Les sociétés d'autoroutes avaient obtenu un allongement de la durée des concessions en avril dernier

Les sociétés d'autoroutes avaient obtenu un allongement de la durée des concessions en avril dernier - Pierre Andrieu - AFP

Cinq associations d'usagers ont déposé deux recours devant le Conseil d'Etat et la Cour de justice de l'Union européenne afin de contester l'accord noué en avril dernier entre l'exécutif et les sociétés autoroutières.

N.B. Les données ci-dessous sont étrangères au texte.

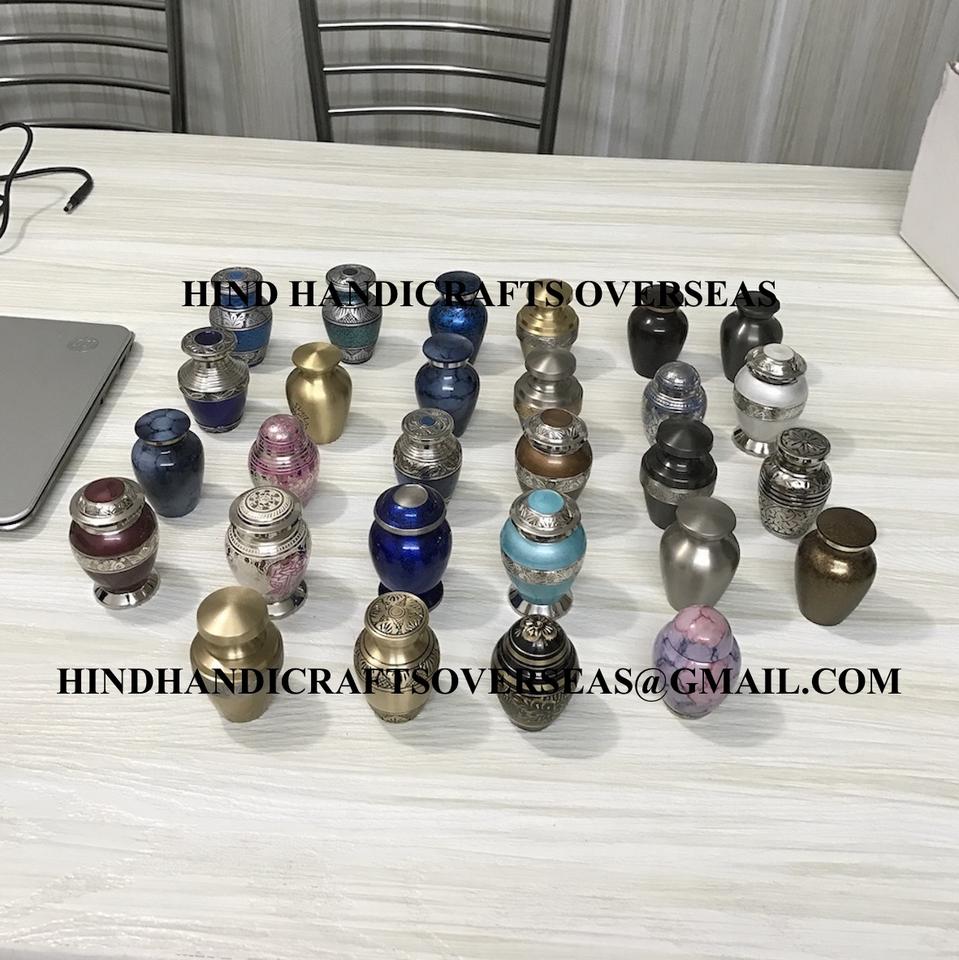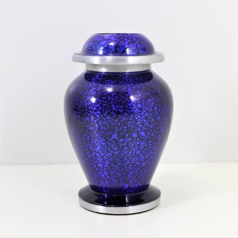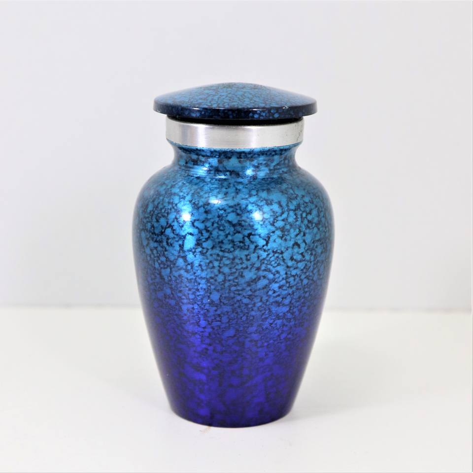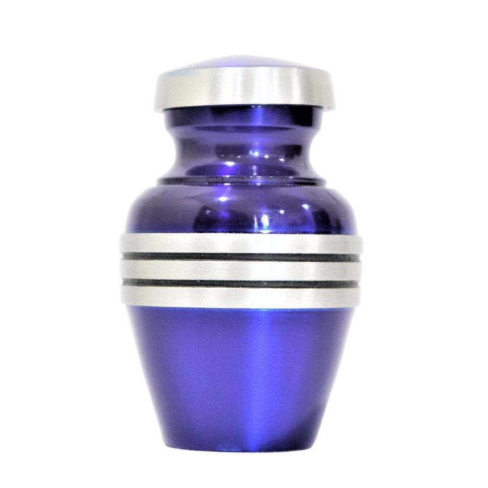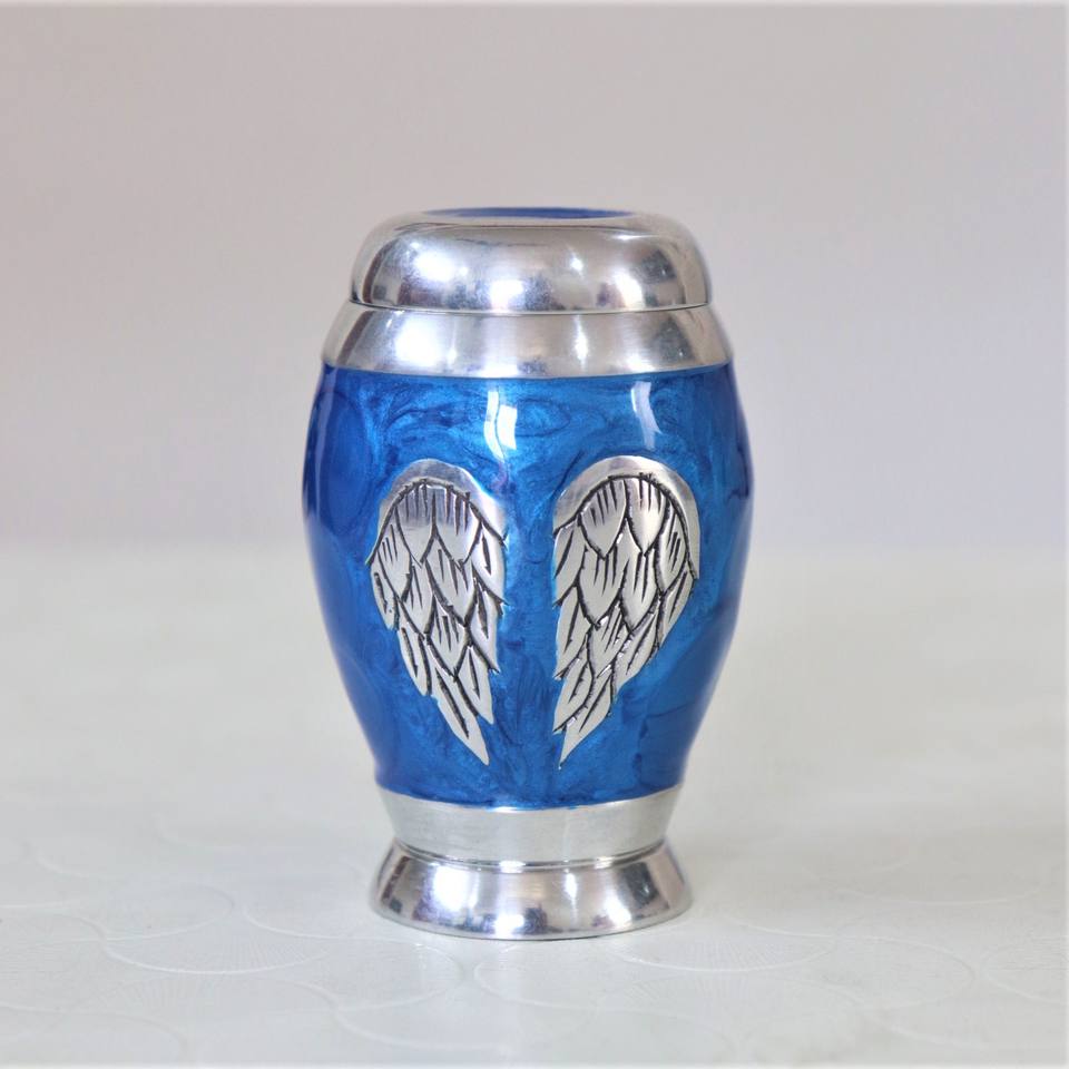 Article:Petites urnes souvenir bleues en aluminium pour cendres funéraires

Les usagers n'ont pas dit leur dernier mot. Cinq associations ont ainsi entamé deux actions en justice pour contester l'accord passé en avril dernier entre le gouvernement et les sociétés d'autoroutes, indique Le Parisien ce mercredi 8 juillet. Pour rappel, cet accord prévoyait l'allongement de la durée des concessions en échange d'investissement et de travaux réalisés dans le cadre du plan de relance autoroutier (3,2 milliards d'euros).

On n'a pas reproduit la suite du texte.